- Shenley Brook End Location within Buckinghamshire
- Interactive map of Shenley Brook End
- Population: 27,083 (2021 census)
- OS grid reference: SP831352
- Civil parish: Shenley Brook End;
- District: City of Milton Keynes;
- Unitary authority: Milton Keynes City Council;
- Ceremonial county: Buckinghamshire;
- Region: South East;
- Country: England
- Sovereign state: United Kingdom
- Post town: MILTON KEYNES
- Postcode district: MK5
- Dialling code: 01908
- Police: Thames Valley
- Fire: Buckinghamshire
- Ambulance: South Central
- UK Parliament: Milton Keynes Central;

= Shenley Brook End =

Civil parish in Milton Keynes, England

Shenley Brook End is a village, district and wider civil parish in Milton Keynes, Buckinghamshire, England, located about 2 mi north-west of Bletchley, and 2.5 mi south-west of Central Milton Keynes. Together with its neighbouring districts of Shenley Church End, Shenley Wood and Shenley Lodge, the districts are collectively known as "The Shenleys".
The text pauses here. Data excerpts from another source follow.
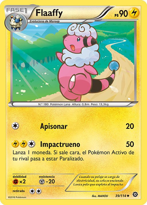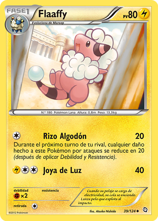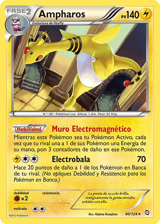 Lanza una moneda. Si sale cara, este ataque hace 40 puntos de daño más otros 40 puntos de daño adicionales. Si sale cruz, descarta una carta de Energía unida al Pokémon Defensor.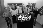 A black and white negative of the Art Department Faculty. Pictured from left to right, front row: Lee Baxter Davis, Charles McGough, Bill Wiman, Gordon Young. Back row: James Watral, Bill Lamb, James Allumbaugh, Jack Unruh, Richard Johnson.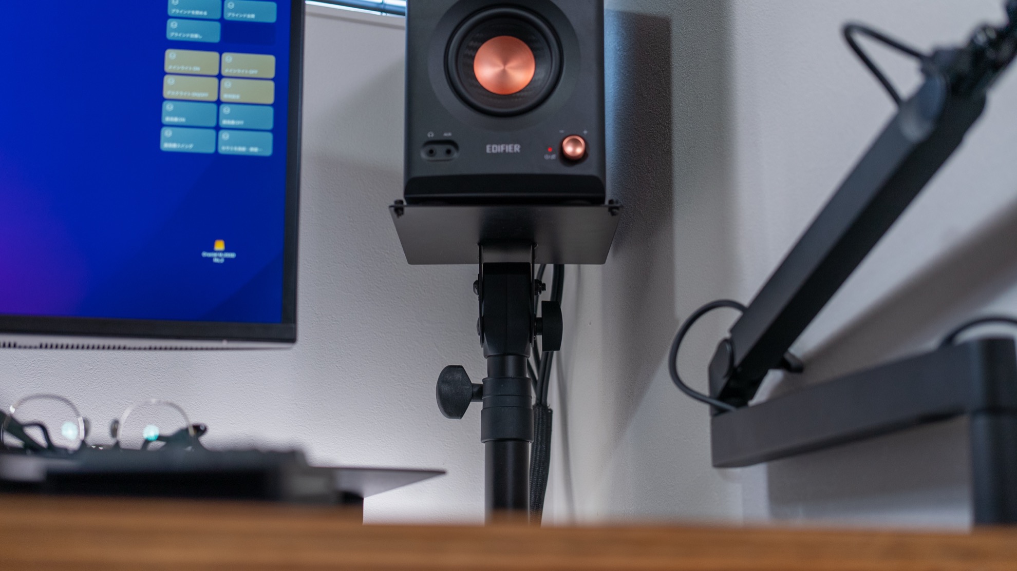 耐荷重10kg、パン・チルト方向、スピーカーの高さ調整が可能なクランプ式のスピーカースタンド。こちらも長年使っていますが非常におすすめ!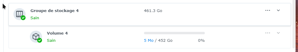 Dans mon cas, j'ai donc les deux partitions de DSM (système et swap), plus trois volumes en raid, ce qui correspond (à peu près pour le raid) à ce que j'ai :
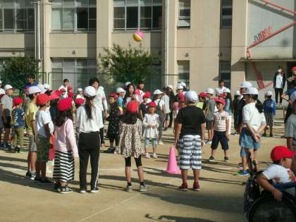 木曜日は児童集会の日です。わくわくグループでゲームを楽しみます。今日は「キャッチゲーム」です。グループで円になって、1・2・3年生が赤、4・5・6年生が白に帽子の色を変えてゲームがスタートです。赤は白、白は赤にしかボールを投げれません。20回キャッチができたら、その場に座ります。高学年は低学年がキャッチしやすいようにフワッとした優しいボールを投げていますよ。

Today, the historic village is the core of the new district that bears its name. The district is bounded by V2 Tattenhoe Street, V3 Fulmer Street, H6 Childs Way and H7 Chaffron Way.
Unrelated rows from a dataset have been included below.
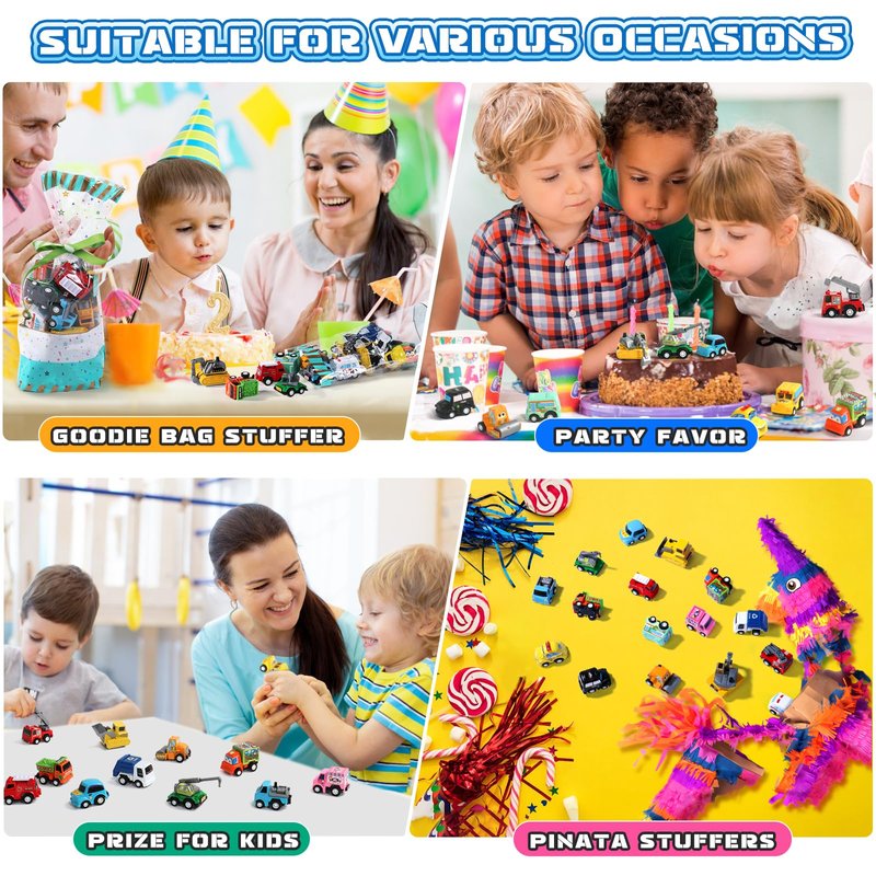 - đăPerfect Toddler GiftăThese cars toys is not only a perfect prize for kids, goodie bag and pinata stuffer because of its bright colors, cute shape and mini size, but also a perfect choice for cake decorations, party supplies, treasure box toys for classroom, and Christmas gifts for 2 3 4 5 6 years old boys and girls! WARNING: Small parts included in the product, children under 3 years old should be under supervision to play.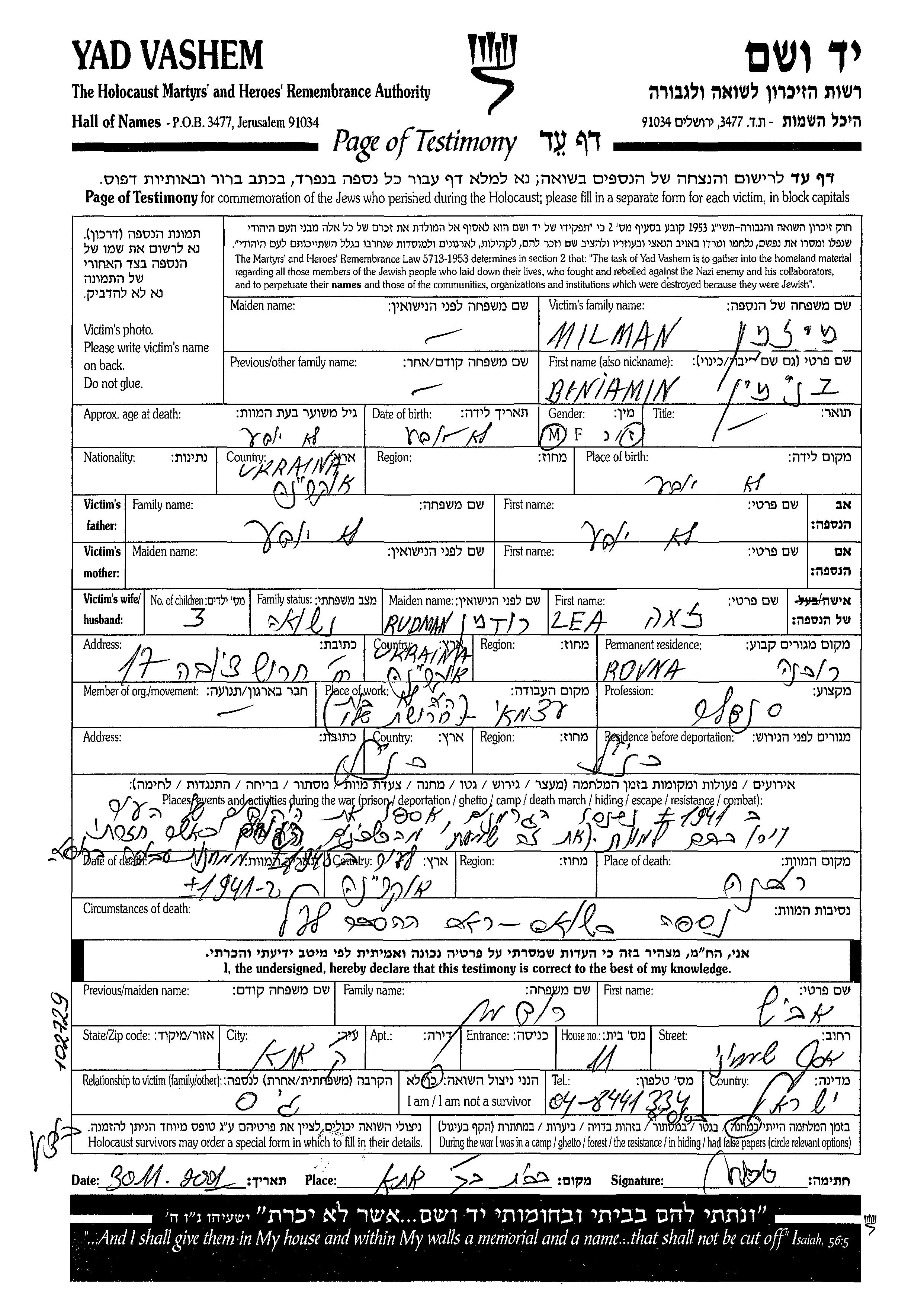 Biniamin Milman wurde in Ukraine (UdSSR) geboren. Er war Schuster/-in und mit Lea, geb. Rodman Verheiratet. Vor dem Zweiten Weltkrieg lebte er in Rovna, Polen. Während des Krieges war er in Rovna, Polen.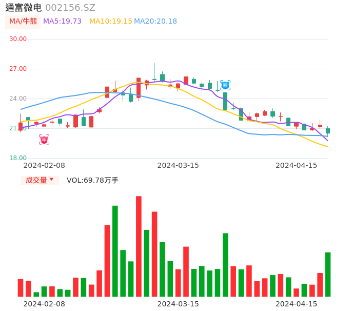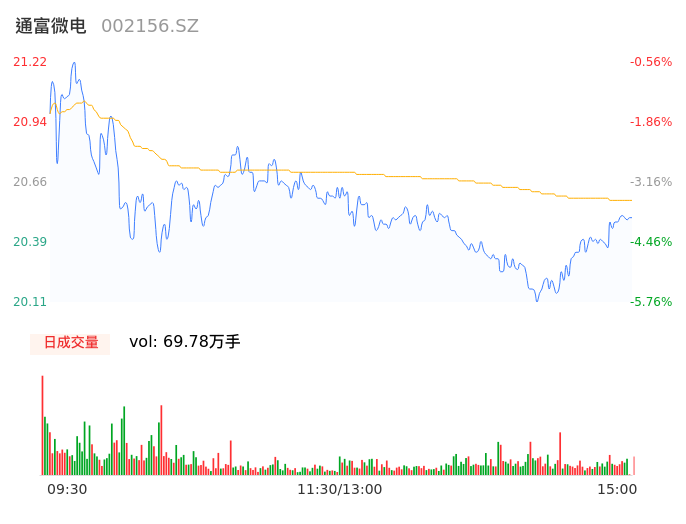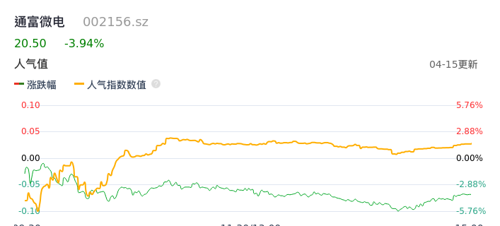 04月15日,通富微电收报20.50,股价涨幅-3.94%,成交金额14.36亿元,换手率4.60%。

The mathematician and logician Alan Turing was billeted here during his time at Bletchley Park.

==History==
The village name 'Shenley' is an Old English language word meaning 'bright clearing'. In the Domesday Book of 1086 the area was collectively known as Senelai.

The distinction between the Brook End and the Church End happened in the 12th century when a new manor house was constructed in Shenley Brook End by the Mansell family. However, by 1426 the two manors were owned by the same person and the distinction between the two places was in name only.

==Education==
It has primary school, Long Meadow, and a secondary school, Shenley Brook End School.

==Civil parish==
The parish includes Shenley Lodge, Furzton, Shenley Brook End, Emerson Valley, Westcroft, Tattenhoe (including Kingsmead, Howe Park Wood and Snelshall East) and Tattenhoe Park (including Snelshall West). The parish is bounded to the north-east by V4 Watling Street, to the north-west by H6 Childs Way, to the south-west by the City boundary with the rest of Buckinghamshire (at Whaddon) and to the south-east by H8/A421 Standing Way.

===Emerson Valley===
Emerson Valley is primarily a housing district but is noted for being the home of Milton Keynes Rugby Football Club. It is also the name of an electoral ward for Milton Keynes City Council.

===Furzton===

Furzton is primarily a housing district with a small office development but half the district is taken up by Furzton Lake (a balancing lake) and the flood plain of Loughton Brook.

===Shenley Lodge===
Shenley Lodge is a residential district, noted for the Energy World development of exemplar high-energy-efficiency houses in 1986.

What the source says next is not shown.